Mechanistic narrative

Synthesis pass · prose summary of the discoveries below

POC5 is a centrin-binding centriolar protein that localizes to the distal portion of centrioles and is essential for centriole elongation, ciliogenesis, and cell cycle progression. It contains Sfi1p-like repeats that mediate calcium-dependent interaction with centrin2; it is recruited to procentrioles during G2/M in a hyperphosphorylation-dependent manner and is required for building the distal half of centrioles, with its depletion causing G1 arrest or S-phase accumulation and cell death (PMID:19349582, PMID:23844208). POC5 interacts with multiple cilia and cytoskeleton components, is transiently incorporated into assembling basal bodies, and is required for basal body maturation and subsequent cilium formation in both vertebrate and ciliate systems (PMID:32350068, PMID:30845169, PMID:29272404). Bi-allelic loss-of-function variants in POC5 cause a syndromic ciliopathy featuring rod-cone dystrophy, insulin-resistant diabetes, and kidney disease, while heterozygous missense variants in the protein cause familial idiopathic scoliosis (PMID:40590205, PMID:25642776).

Mechanistic history

Synthesis pass · year-by-year structured walk · 8 steps
  1. 2009 High

    Establishing POC5 as a centriolar structural protein resolved how the distal half of centrioles is built: POC5 localizes to the distal centriole, is recruited during G2/M concomitant with hyperphosphorylation, and is essential for distal centriole elongation but dispensable for procentriole initiation.

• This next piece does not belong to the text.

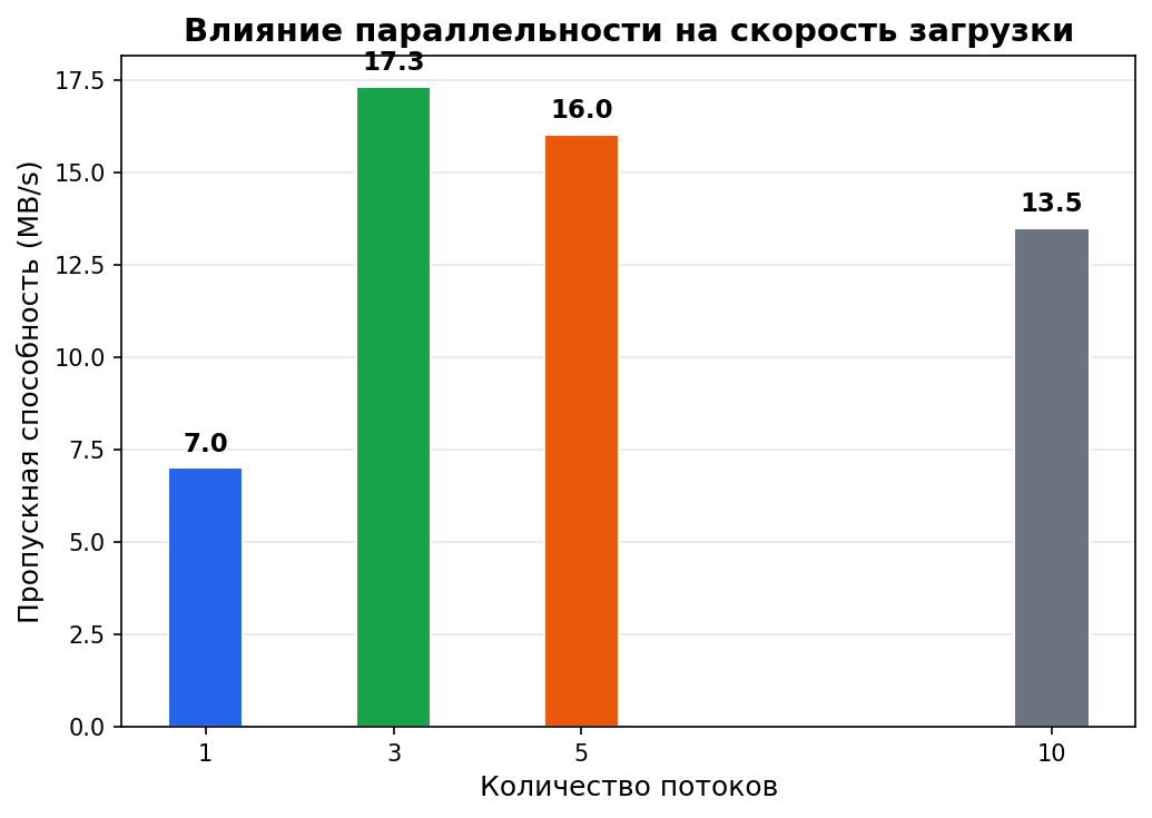 Когда несколько пользователей загружают файлы одновременно, общая пропускная способность растёт. Оптимальный результат — при 3 одновременных загрузках: скорость увеличивается в 2,5 раза.

    Evidence siRNA knockdown, immunofluorescence, electron microscopy, and cell cycle analysis in RPE1 and HeLa cells

    PMID:19349582

    Open questions at the time
    • Kinase(s) responsible for POC5 hyperphosphorylation not identified
    • Structural basis of POC5 incorporation into the distal centriole not resolved
    • Whether the G1 arrest upon POC5 loss is a direct cell cycle role or secondary to centriole defects is unclear
  2. 2013 Medium

    Demonstrating that POC5 linear assembly depends on centrin2's calcium-binding capacity established the molecular logic of the POC5–centrin interaction and showed that this pair can scaffold recruitment of other centrosomal proteins (PCM-1, NEDD1).

    Evidence Overexpression of POC5 in centrin-null DT40 cells with calcium-binding-deficient centrin2 mutants

    PMID:23844208

    Open questions at the time
    • Stoichiometry and direct binding affinity of the POC5–centrin2 complex not determined
    • Physiological relevance of the linear structures formed upon overexpression is uncertain
  3. 2015 High

    Identifying three POC5 missense variants that co-segregate with idiopathic scoliosis in families and recapitulate spine deformity in zebrafish established POC5 as a causative gene for adolescent idiopathic scoliosis.

    Evidence Genetic linkage and exome sequencing in multiple families, zebrafish mRNA injection with morphological phenotyping

    PMID:25642776

    Open questions at the time
    • Mechanism by which centriole/ciliary defects translate to asymmetric spine growth not elucidated
    • Tissue-specific requirement for POC5 in spine development not defined
  4. 2018 High

    Localizing POC5 to the photoreceptor connecting cilium and showing that its loss shortens outer segments and impairs visual function demonstrated a specific requirement for POC5 in retinal ciliogenesis.

    Evidence Morpholino knockdown in zebrafish with wild-type human POC5 mRNA rescue, immunohistochemistry, visual motor response assay

    PMID:29272404

    Open questions at the time
    • Whether POC5 acts in outer segment disc morphogenesis or only in cilium assembly is not distinguished
    • Mechanism of POC5 action at the connecting cilium not characterized
  5. 2019 Medium

    Showing that the AIS-associated A429V variant mislocalizes POC5, disrupts specific cilia/cytoskeleton protein interactions, and causes ciliary retraction linked the genetic variants to a concrete cellular defect.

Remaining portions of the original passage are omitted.